▶ _YOUR OBJECTIVE_:
What is needed here is an exact printout of the data, with no pictures included.

▶ _INFORMATION PROVIDED_:
--- --- ---

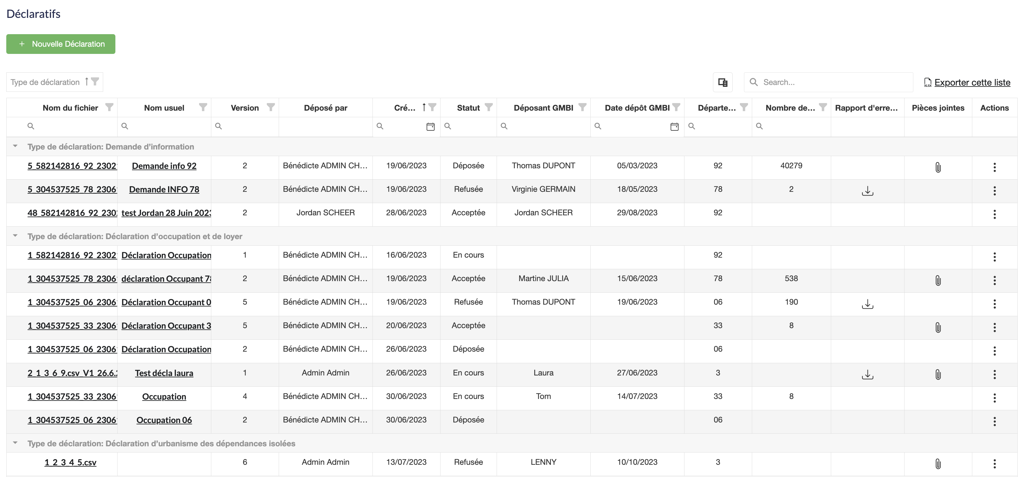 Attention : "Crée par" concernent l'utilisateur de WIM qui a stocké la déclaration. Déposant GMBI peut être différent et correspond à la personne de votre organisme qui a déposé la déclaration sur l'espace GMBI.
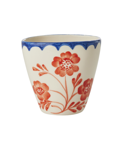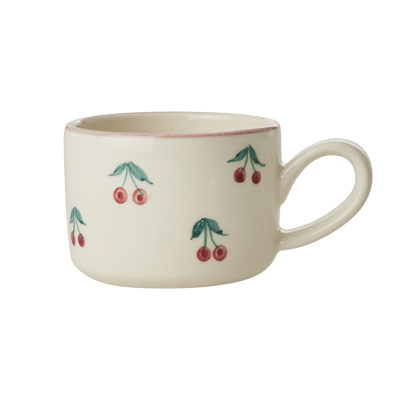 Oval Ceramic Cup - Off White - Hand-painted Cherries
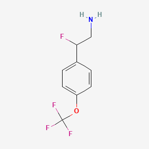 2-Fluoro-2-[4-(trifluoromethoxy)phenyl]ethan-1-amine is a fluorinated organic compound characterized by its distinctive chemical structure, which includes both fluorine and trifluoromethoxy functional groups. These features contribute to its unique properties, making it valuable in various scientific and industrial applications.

--- --- ---

▶ _REPLY_:
 Attention : "Crée par" concernent l'utilisateur de WIM qui a stocké la déclaration. Déposant GMBI peut être différent et correspond à la personne de votre organisme qui a déposé la déclaration sur l'espace GMBI.
 Oval Ceramic Cup - Off White - Hand-painted Cherries
 2-Fluoro-2-[4-(trifluoromethoxy)phenyl]ethan-1-amine is a fluorinated organic compound characterized by its distinctive chemical structure, which includes both fluorine and trifluoromethoxy functional groups. These features contribute to its unique properties, making it valuable in various scientific and industrial applications.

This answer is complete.